Петербургские онкохирурги внедряют 3D-имплантаты
Индивидуальный протез лонной кости был изготовлен в Москве. 3D-модели для него созданы на основе данных КТ и МРТ. Георгий Гафтон рассказал порталу Medvestnik.ru об особенностях и перспективах применения новой технологии в онкохирургии костей таза.
– Сколько всего сделано операций с 3D-протезами по вашему профилю?
– С использованием отечественных технологий планирования и печати эта – первая. Ранее мы делали операции на основе импортных технологий. Предыдущая была сделана 14-летней девочке – в этом случае импортными были и бедренный, и тазовый компоненты. А в последнем случае тазовый компонент был отечественным (хотя бедренный – импортным: наших пока нет). При таких операциях выполняется резекция таза, и компенсирующую часть таза вместо дефектной печатают с применением 3D. Это не рядовые, а эксклюзивные операции, технически сложные и очень затратные.
– Сколько стоила операция?
– Квота по линии ВМП – 830 тысяч рублей, мы должны в нее укладываться. Сверх этого денег нам никто не дает.
– Хирургия с применением 3D-технологий, кроме Петербурга, практикуется еще по крайней мере в трех городах страны. В чем отличие вашей операции?
– В Томске очень развиты технология металлов «с памятью» и 3D-печать. Там этим начали заниматься давно, а теперь вышли на полупромышленный уровень. Но наши коллеги не печатают тазовые имплантаты, хотя делают коленные и плечевые суставы и много занимаются замещением дефектов грудной стенки, когда резецируется грудина вся или частично, с ребрами и ключицами. Вершина эндопротезирования – печать таза, самого сложного на сегодня раздела костной онкологии.
– Сколько сможет прослужить напечатанный имплантат?

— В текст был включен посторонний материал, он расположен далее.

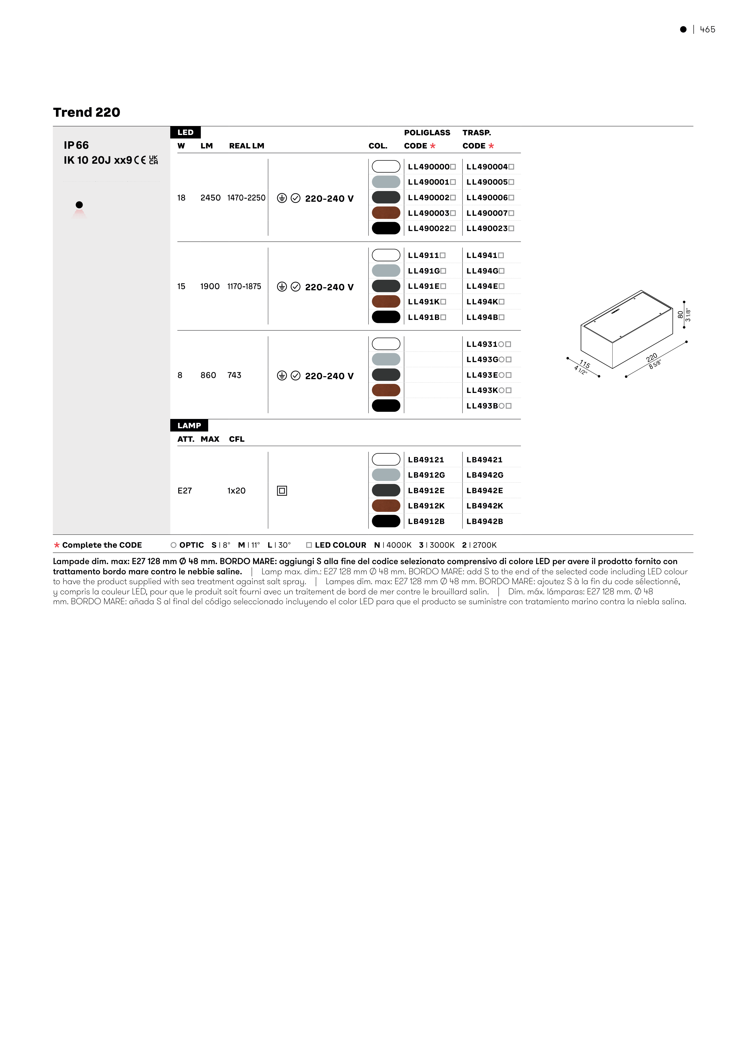 È OPTIC S | 8° M | 11° L | 30° Ä LED COLOUR N | 4000K 3 | 3000K 2 | 2700K

– Пока не знаю. Очень много факторов, и первые полгода ни о чем конкретном говорить не следует. Возможны осложнения любого рода. Иногда приходится убирать имплантат, тогда в ряде случаев ставятся временные конструкции или убираются совсем и делается калечащая операция. Перед каждой операцией мы обговариваем с пациентом этот вопрос и, пока не получаем согласие на калечащую операцию, на эндопротезирование не идем: исход операции ясен не на 100%.
– Как сейчас себя чувствует пациент?
– Операция выполнена два месяца назад. Пациент иногда приезжает, потому что накапливается жидкость, ее нужно выводить. Он передвигается на ходунках, а по квартире с палочкой. На сегодня с приживаемостью все в порядке.
У нас сделана первая такая операция. А в мире 3D-печать набирает обороты. Наибольший опыт операций с напечатанными имплантатами для тазовой области у китайских и японских коллег: известно 30 случаев в Китае и 25 в Японии, несколько в Южной Корее.
В Китае и Южной Корее работают со своими имплантатами, там не бывает такого, чтобы протез был напечатан, например, в США и потом доставлен в китайскую клинику, – китайцы в этом отношении быстро «набрали вес» и стали самодостаточными. В мире делается до 100 операций с применением напечатанных имплантатов в год.
– Какова потребность в таких операциях в России?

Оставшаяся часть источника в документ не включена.